(Data extract)

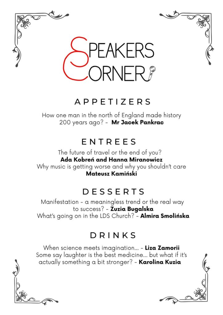 W piątek 21 listopada na czwartej i piątej godzinie lekcyjnej będzie można wysłuchać mówców V LO, którzy przygotowali wystąpienia na wybrany temat i zaprezentują je w języku angielskim.
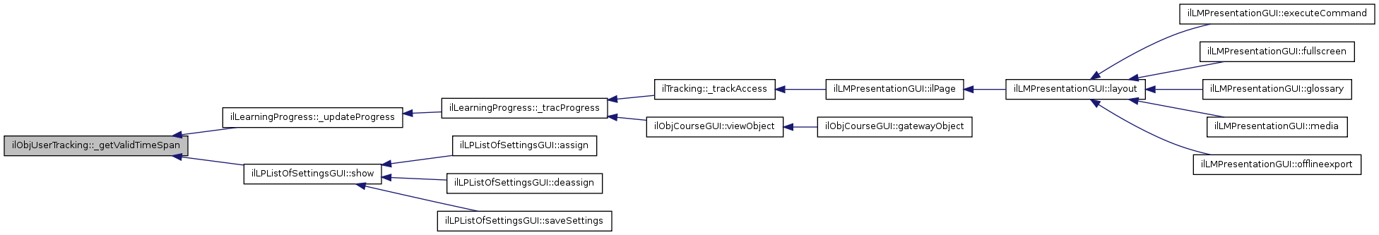 Here is the caller graph for this function:| ilObjUserTracking::_getValidTimeSpan | ( | ) |
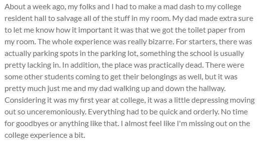 About a week ago, my folks and I had to make a mad dash to my college resident hall to salvage all of the stuff in my room. My dad made extra sure to let me know how it important it was that we got the toilet paper from my room. The whole experience was really bizarre. For starters, there was actually parking spots in the parking lot, something the school is usually pretty lacking in. In addition, the place was practically dead. There were some other students coming to get their belongings as well, but it was pretty much just me and my dad walking up and down the hallway. Considering it was my first year at college, it was a little depressing moving out so unceremoniously. Everything had to be quick and orderly. No time for goodbyes or anything like that. I almost feel like I'm missing out on the college experience a bit.

(End Data extract)

=== Your instructions ===
Please return only the lines from the top of the data through the line with "Here is the", exactly as written, and drop every picture.

=== Response to the task ===
 W piątek 21 listopada na czwartej i piątej godzinie lekcyjnej będzie można wysłuchać mówców V LO, którzy przygotowali wystąpienia na wybrany temat i zaprezentują je w języku angielskim.
 Here is the caller graph for this function:| ilObjUserTracking::_getValidTimeSpan | ( | ) |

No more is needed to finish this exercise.